The Executive Chef ensures the efficient operations of all food production areas, by consistently analyzing the food production quality & cost, keeping within budget & monitoring time management.

You are required to implement and maintain all service standards as determined by the Corporate Office, and it is your duty to provide your team with ongoing training and support.

It is your responsibility to ensure safe, quality food production, and to create a friendly, guest-oriented service culture to ensure Guest satisfaction and repeat business, which in turn, will increase revenue and profitability of the company.

Job Qualification

  • Excellent cooking skills with creativity to enhance buffet presentations; continuously improve food quality and presentation, host Kitchen Table events and cooking demonstrations, and use culinary checklists regularly.

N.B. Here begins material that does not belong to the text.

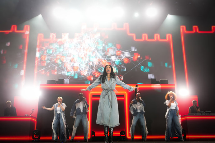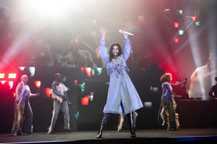 Además, no hablamos de una pieza cualquiera. La cantante eligió una gabardina denim personalizada de Desigual, con estructura marcada, solapas definidas y cinturón para ajustar la silueta, llevando el tejido vaquero a un terreno mucho más sofisticado y escénico.

  • Control food cost by following portion charts, adjusting requisitions to avoid overproduction, and coordinating all food orders and consumption with the Inventory Manager based on guest count, itinerary, availability, and usage; manage inventory, par levels, FIFO, and attend loading for quality checks.

  • Oversee maintenance of all Galley equipment, manage the annual equipment budget, report damages or malfunctions, and control ordering, issuing, and par levels for equipment.

  • Work as part of a team and do not change menus or operations without approval from the Culinary and Purchasing Departments; adjust menus based on availability and submit reports each cruise.

  • Ensure all menus, recipes, and standards are followed; conduct daily spot checks of all food outlets and perform random tastings to maintain Viking’s quality, cleanliness, and Public Health standards.

  • Regularly inspect Galley areas with the Public Health Officer and Kitchen Steward to ensure a clean and safe workplace.

  • Understand HR policies, shipboard training, crew contracts, and working hours procedures to maintain accurate records and payroll corrections if needed.

  • Lead and support a multicultural team, hold daily meetings with Team Leaders, and ensure the department meets Viking’s STAR Service Standards.

  • Deliver the highest level of guest comfort and service in line with STAR Service Standards and Public Health Policies, managing service based on guest flow and daily activities.

  • Provide leadership to direct reports, including performance reviews, discipline when needed, MLC compliance, training, succession planning, and crew communication and recognition.

  • Use proper PPE and safe lifting techniques at all times.

  • Maintain impeccable grooming standards according to Viking’s Image and Uniform Standards.

  • Protect company property at all times, especially during rough weather.

  • Follow all safety, environmental, Public Health, and security policies and participate in required training and emergency drills.

  • Additional duties may be assigned by your manager or supervisor.